◆ The input ◆
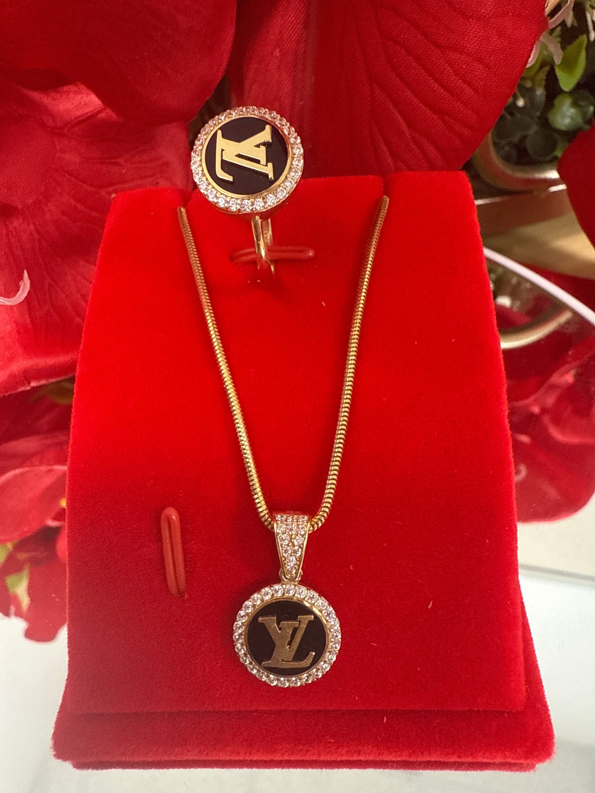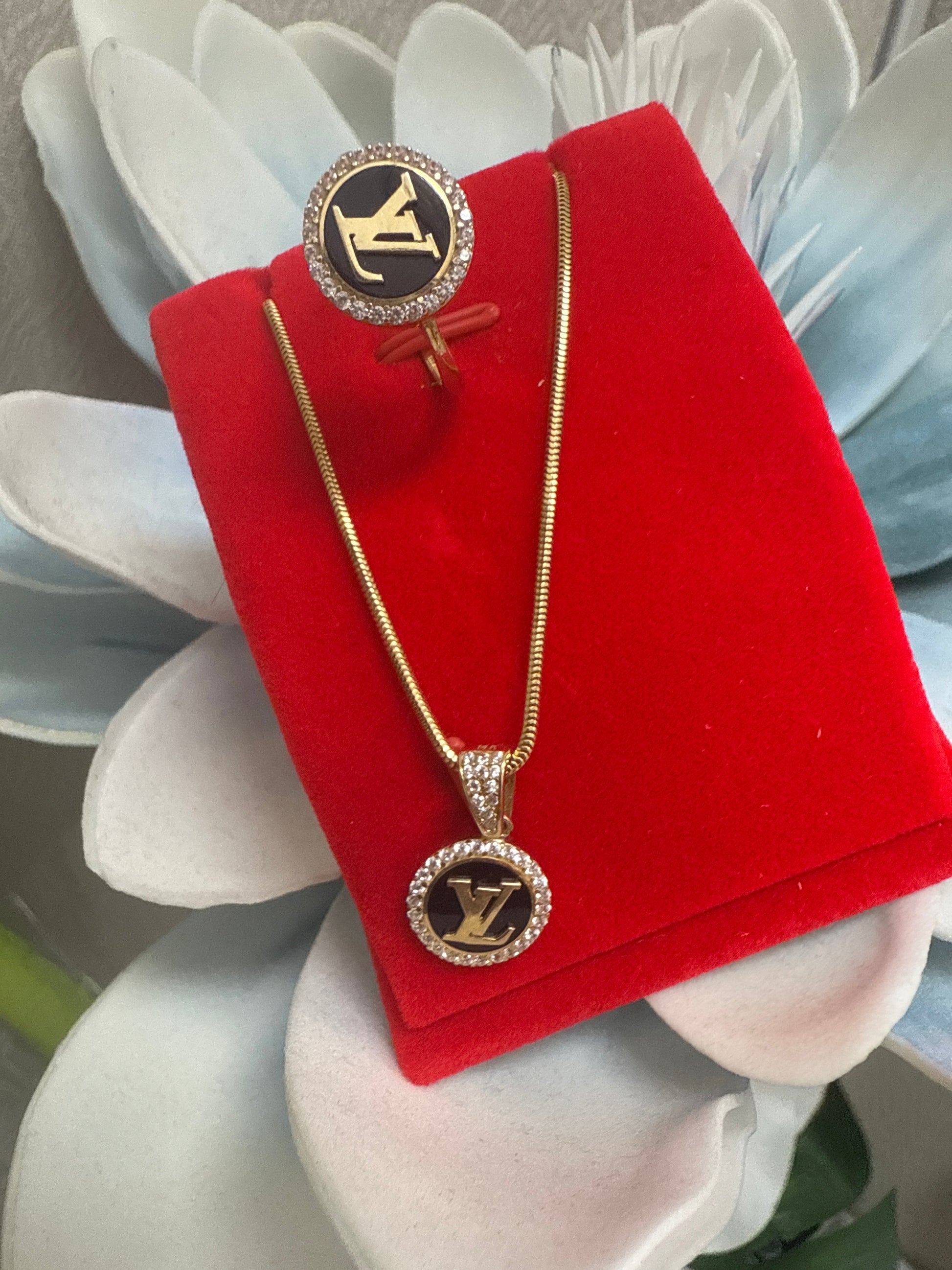 Este conjunto de cadena, dije y anillo LV para mujer, fabricado en oro de 14k, combina elegancia y sofisticación para realzar tu estilo diario. Su diseño exclusivo aporta un toque de lujo y distinción, ideal para destacar en cualquier ocasión. Invierte en calidad y belleza con esta pieza imprescindible que complementará perfectamente tu colección de joyas.
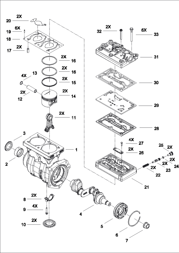 Twin-Cylinder compressor, flange mounted
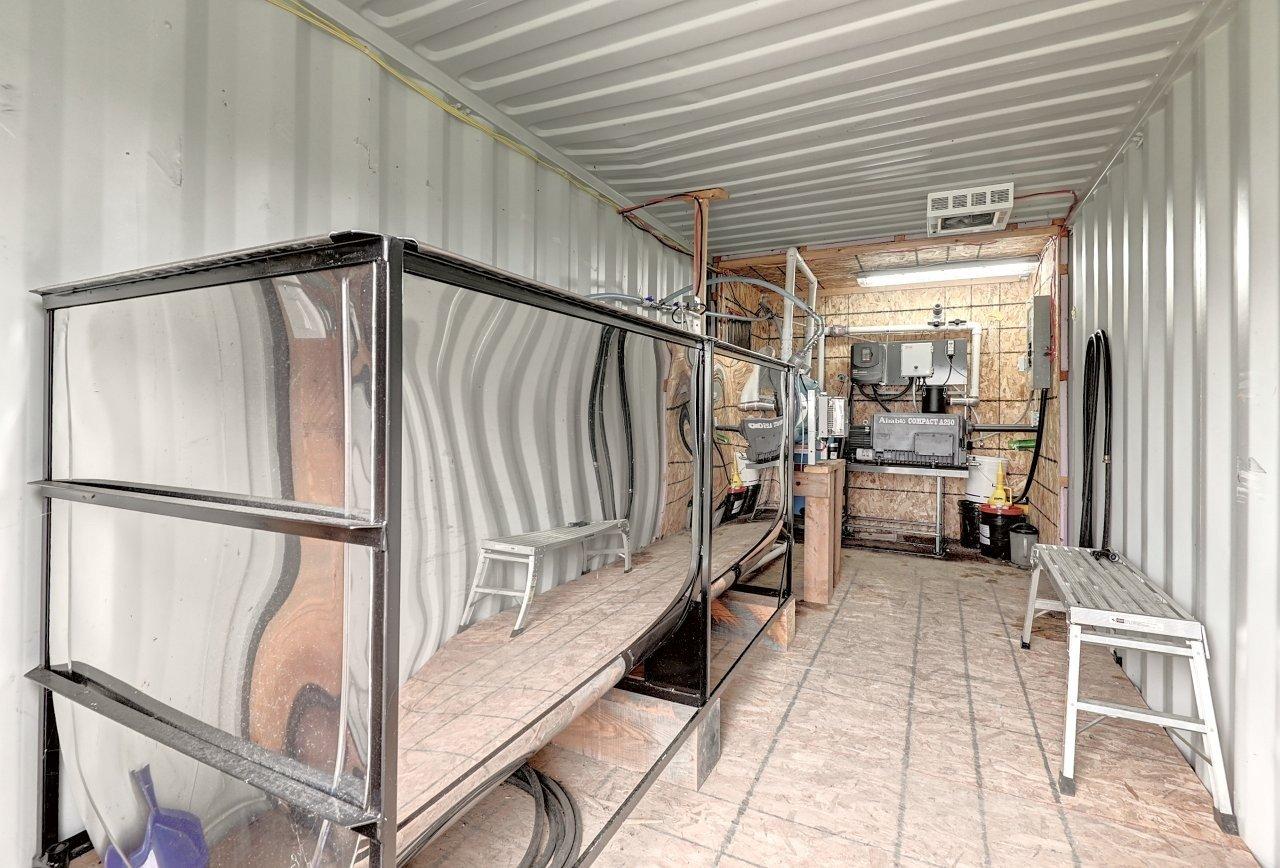 L’aire de production est ouverte, dotée de deux accès extérieurs et d’un plancher en béton. Les installations comprennent :
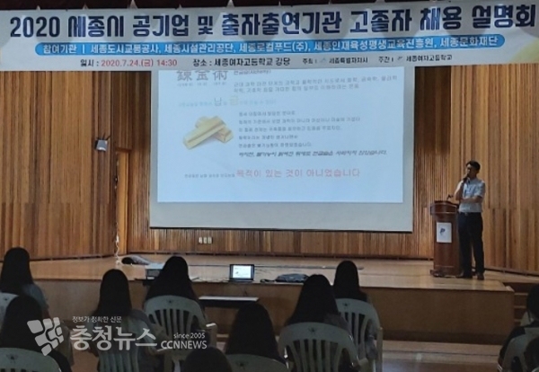 세종특별자치시(시장 이춘희)가 24일 세종여자고등학교 강당에서 진행한 ‘세종시 지방공기업 및 출자출연기관 고졸자 채용설명회’가 특성화고 졸업예정자 50여 명이 참여한 가운데 성황리에 마무리됐다.
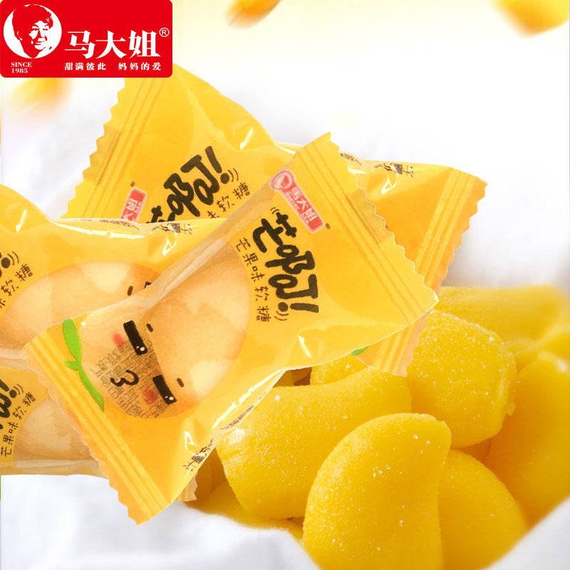马大姐芒果味荔枝味白桃软糖大金玉米桔子高粱饴果汁糖果黑圆软心
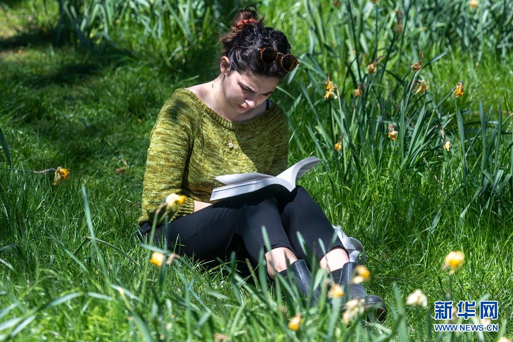4月17日,一名女子在英國倫敦一個公園的花叢中讀書。
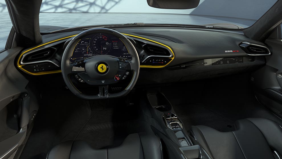 I comandi per il controllo della velocità nella Ferrari 296 GTB che nella F8 apparivano separati dal volante (con buon criterio, visto che una Ferrari deve essere appassionata di guida) ora sono stati incorporati in detto volante, nel quale vediamo anche alcuni comandi touch che in precedenza non esistevano alla Ferrari. E il passeggero continua a contare sul display aggiuntivo per controllare le prestazioni del propulsore.
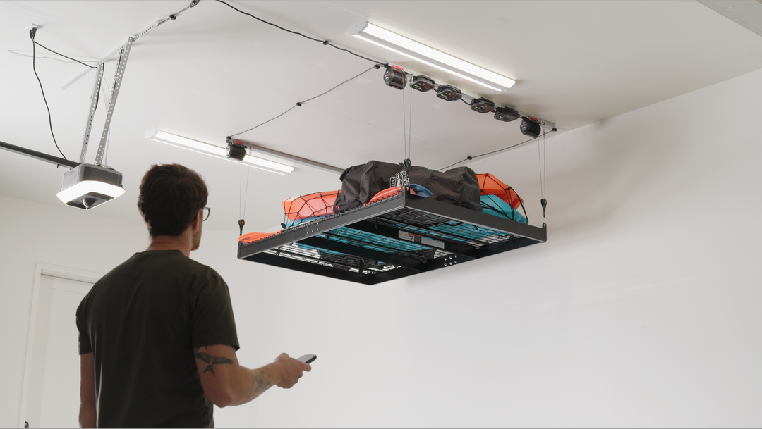 Raise and store your items overhead with the motorized Platform Storage Lifter.
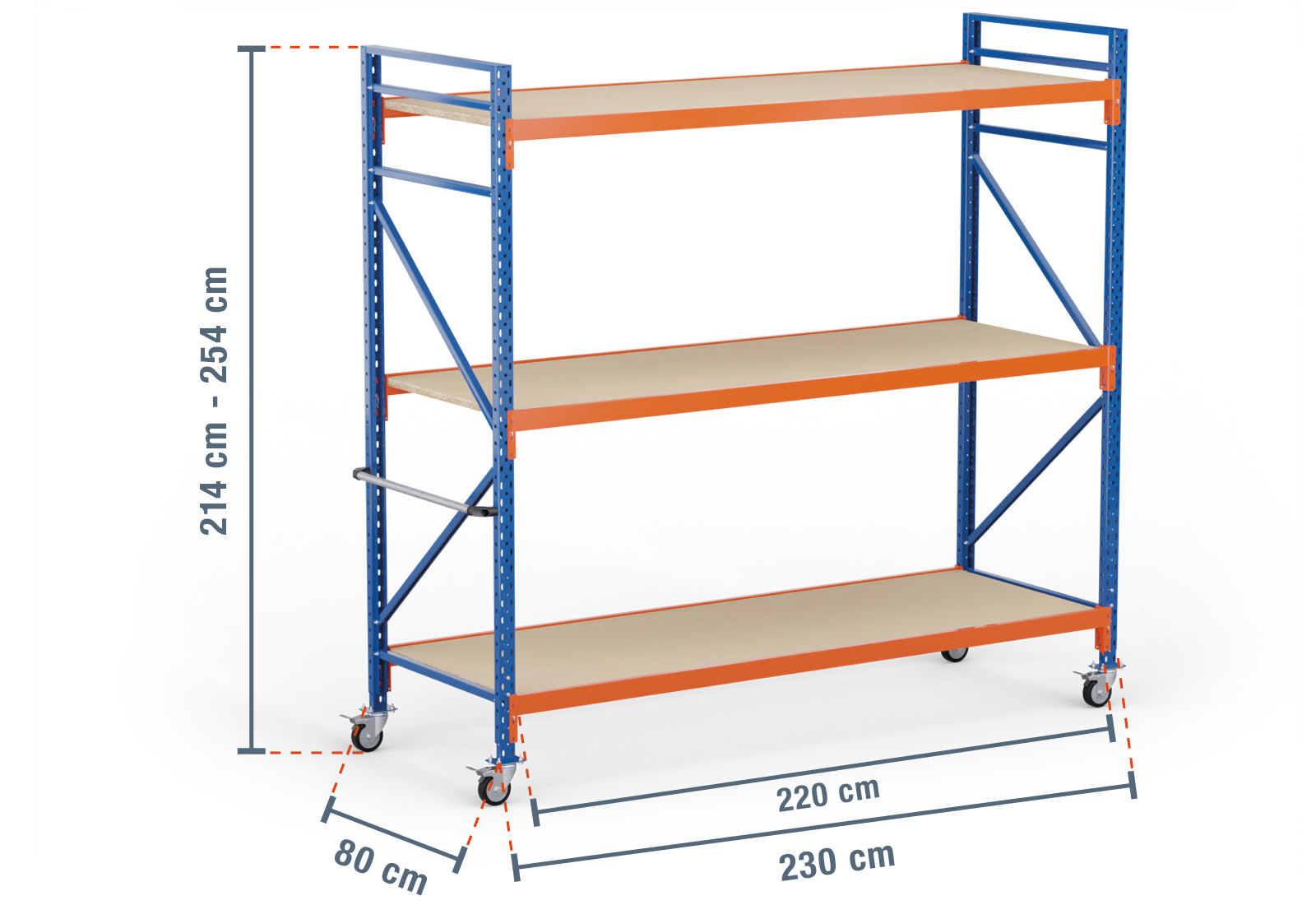 2,3 m scaffale di stoccaggio mobile LR2000 / 80 cm profondità / 2.140 - 2.540 mm altezza / 3 livelli / supporti legno

◆ Task ◆
Write out the listing above exactly as it stands, pictures excluded.

◆ Output of the exercise ◆
 Este conjunto de cadena, dije y anillo LV para mujer, fabricado en oro de 14k, combina elegancia y sofisticación para realzar tu estilo diario. Su diseño exclusivo aporta un toque de lujo y distinción, ideal para destacar en cualquier ocasión. Invierte en calidad y belleza con esta pieza imprescindible que complementará perfectamente tu colección de joyas.
 Twin-Cylinder compressor, flange mounted
 L’aire de production est ouverte, dotée de deux accès extérieurs et d’un plancher en béton. Les installations comprennent :
 세종특별자치시(시장 이춘희)가 24일 세종여자고등학교 강당에서 진행한 ‘세종시 지방공기업 및 출자출연기관 고졸자 채용설명회’가 특성화고 졸업예정자 50여 명이 참여한 가운데 성황리에 마무리됐다.
马大姐芒果味荔枝味白桃软糖大金玉米桔子高粱饴果汁糖果黑圆软心
4月17日,一名女子在英國倫敦一個公園的花叢中讀書。
 I comandi per il controllo della velocità nella Ferrari 296 GTB che nella F8 apparivano separati dal volante (con buon criterio, visto che una Ferrari deve essere appassionata di guida) ora sono stati incorporati in detto volante, nel quale vediamo anche alcuni comandi touch che in precedenza non esistevano alla Ferrari. E il passeggero continua a contare sul display aggiuntivo per controllare le prestazioni del propulsore.
 Raise and store your items overhead with the motorized Platform Storage Lifter.
 2,3 m scaffale di stoccaggio mobile LR2000 / 80 cm profondità / 2.140 - 2.540 mm altezza / 3 livelli / supporti legno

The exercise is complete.